● Given information:
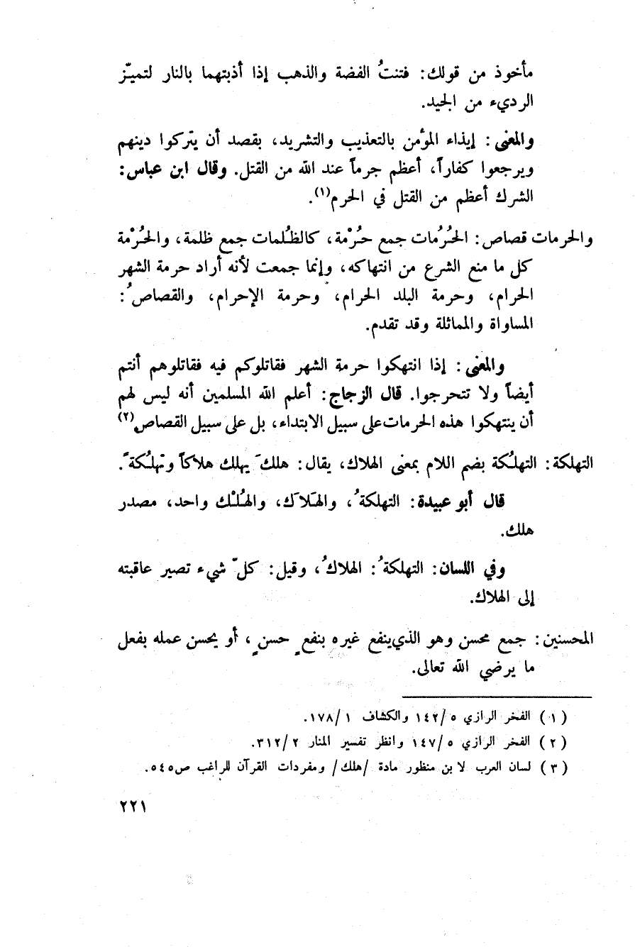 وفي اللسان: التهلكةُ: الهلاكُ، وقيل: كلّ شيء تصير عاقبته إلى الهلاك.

...

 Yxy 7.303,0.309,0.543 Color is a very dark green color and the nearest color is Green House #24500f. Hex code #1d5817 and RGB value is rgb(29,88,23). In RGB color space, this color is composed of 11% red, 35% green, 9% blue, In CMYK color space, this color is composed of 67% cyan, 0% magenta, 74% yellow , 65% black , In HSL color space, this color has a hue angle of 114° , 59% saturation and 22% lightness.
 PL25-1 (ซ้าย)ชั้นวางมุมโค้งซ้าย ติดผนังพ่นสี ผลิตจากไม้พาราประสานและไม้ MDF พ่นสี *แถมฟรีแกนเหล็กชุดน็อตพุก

...

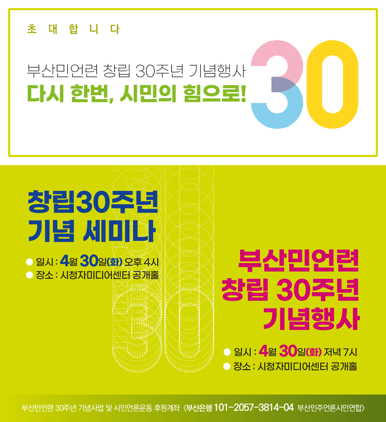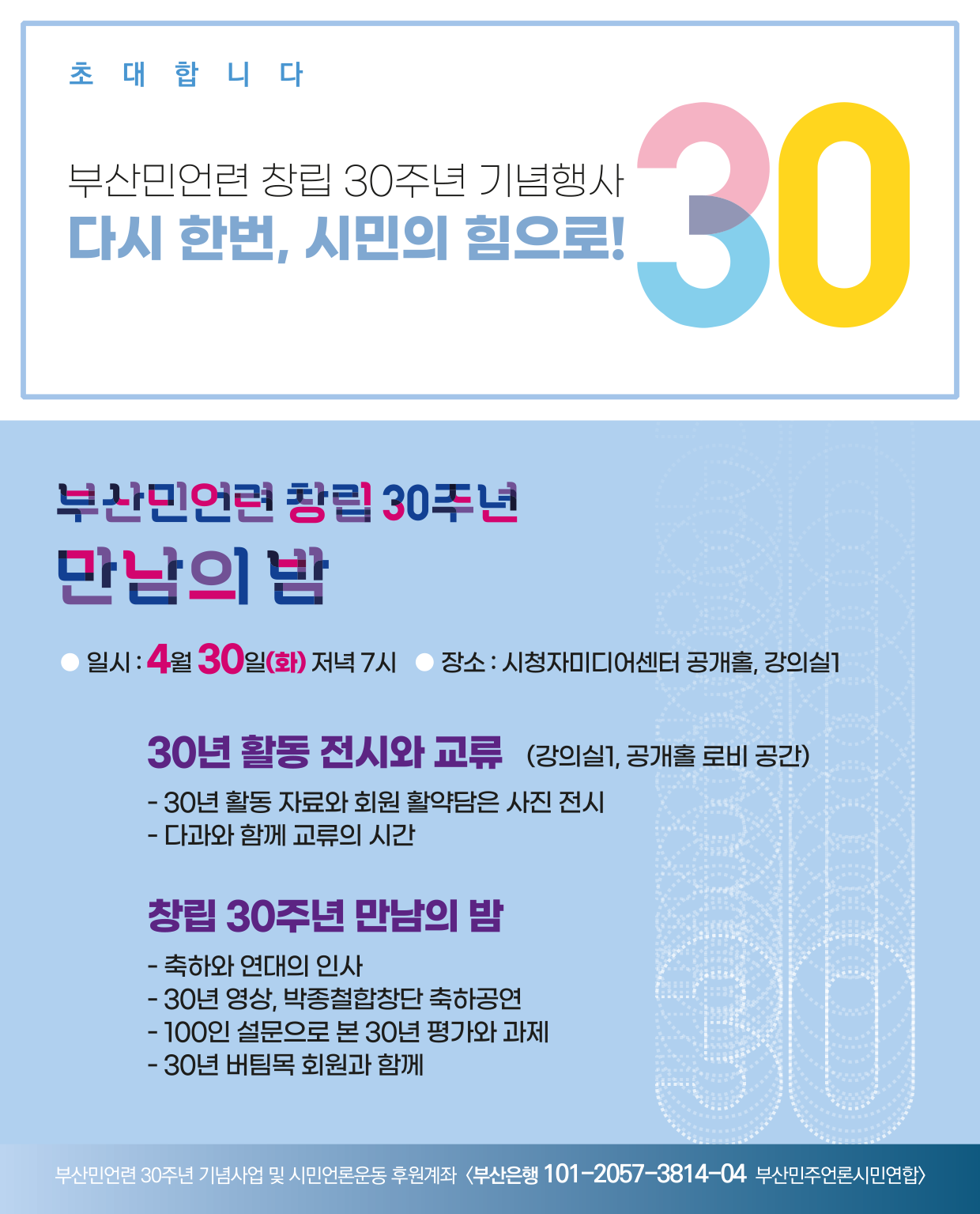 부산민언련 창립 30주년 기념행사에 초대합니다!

● Work instruction: Using only the listing above, restate exactly the lines from the line containing "Yxy 7.303,0.309,0.543 Color" through the line containing "PL25-1 (ซ้าย)ชั้นวางมุมโค้งซ้าย ติดผนังพ่นสี", both included.

● Task output:
 Yxy 7.303,0.309,0.543 Color is a very dark green color and the nearest color is Green House #24500f. Hex code #1d5817 and RGB value is rgb(29,88,23). In RGB color space, this color is composed of 11% red, 35% green, 9% blue, In CMYK color space, this color is composed of 67% cyan, 0% magenta, 74% yellow , 65% black , In HSL color space, this color has a hue angle of 114° , 59% saturation and 22% lightness.
 PL25-1 (ซ้าย)ชั้นวางมุมโค้งซ้าย ติดผนังพ่นสี ผลิตจากไม้พาราประสานและไม้ MDF พ่นสี *แถมฟรีแกนเหล็กชุดน็อตพุก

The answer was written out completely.